SUPPLIED INFORMATION

● ● ● ● ●

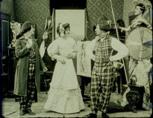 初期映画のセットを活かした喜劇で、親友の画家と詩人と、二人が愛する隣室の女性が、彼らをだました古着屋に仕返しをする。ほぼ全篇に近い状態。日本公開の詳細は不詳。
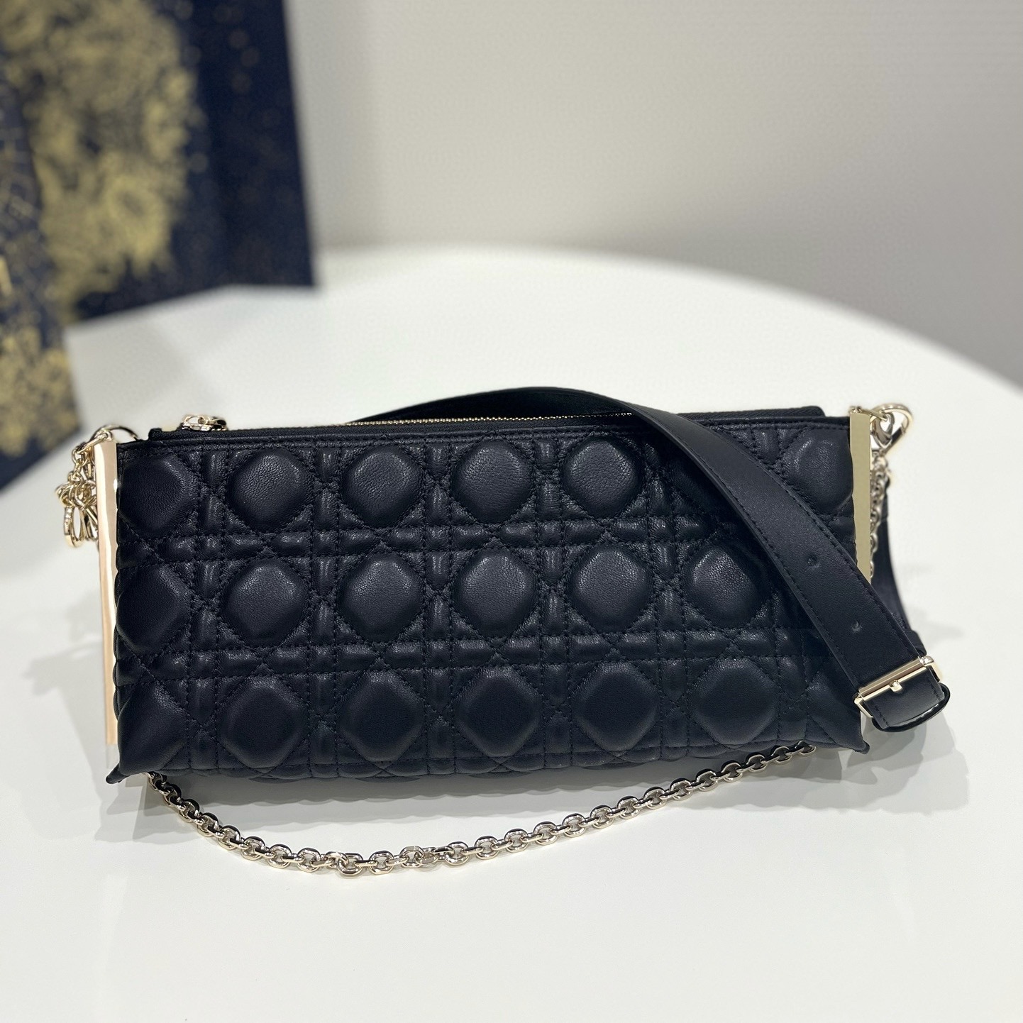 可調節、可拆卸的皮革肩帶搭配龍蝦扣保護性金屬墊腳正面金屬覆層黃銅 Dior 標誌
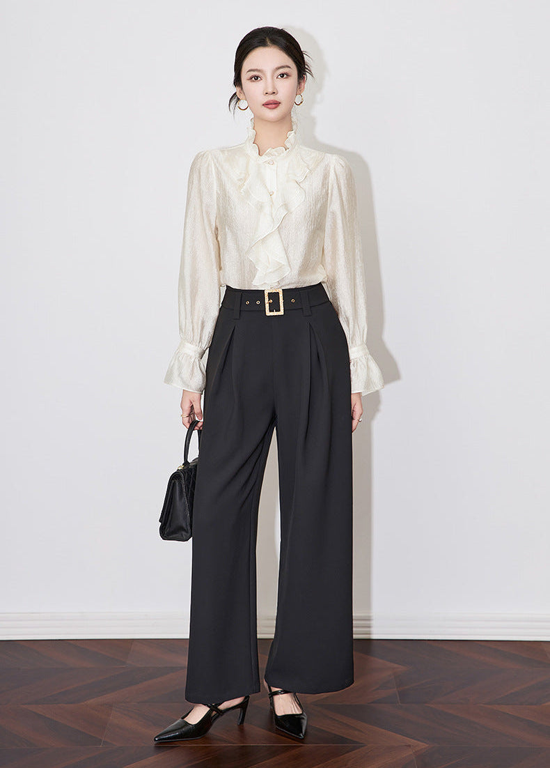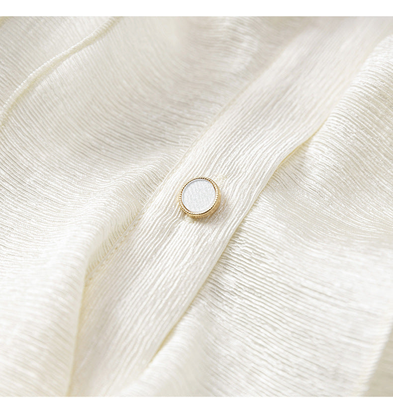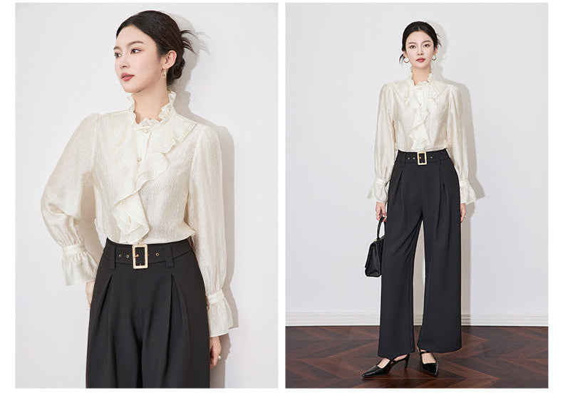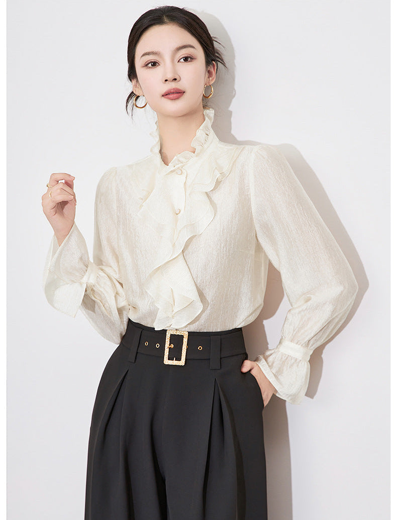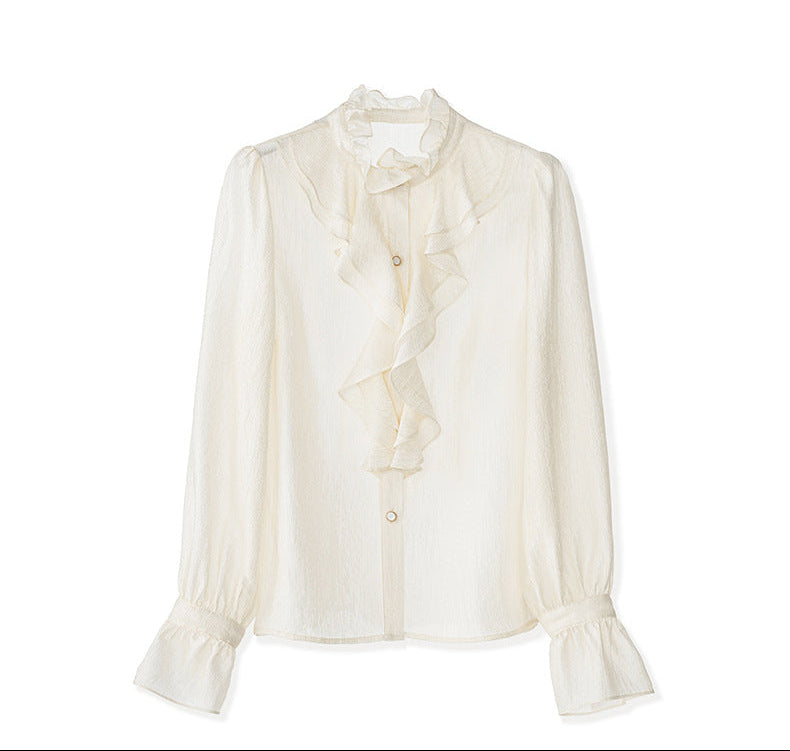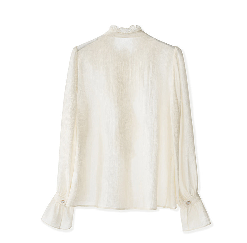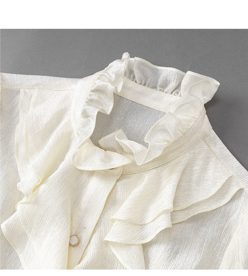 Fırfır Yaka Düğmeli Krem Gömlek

● ● ● ● ●

WHAT NEEDS TO BE DONE
Return each line above exactly; any pictures are to be skipped.

RESPONSE
 初期映画のセットを活かした喜劇で、親友の画家と詩人と、二人が愛する隣室の女性が、彼らをだました古着屋に仕返しをする。ほぼ全篇に近い状態。日本公開の詳細は不詳。
 可調節、可拆卸的皮革肩帶搭配龍蝦扣保護性金屬墊腳正面金屬覆層黃銅 Dior 標誌
 Fırfır Yaka Düğmeli Krem Gömlek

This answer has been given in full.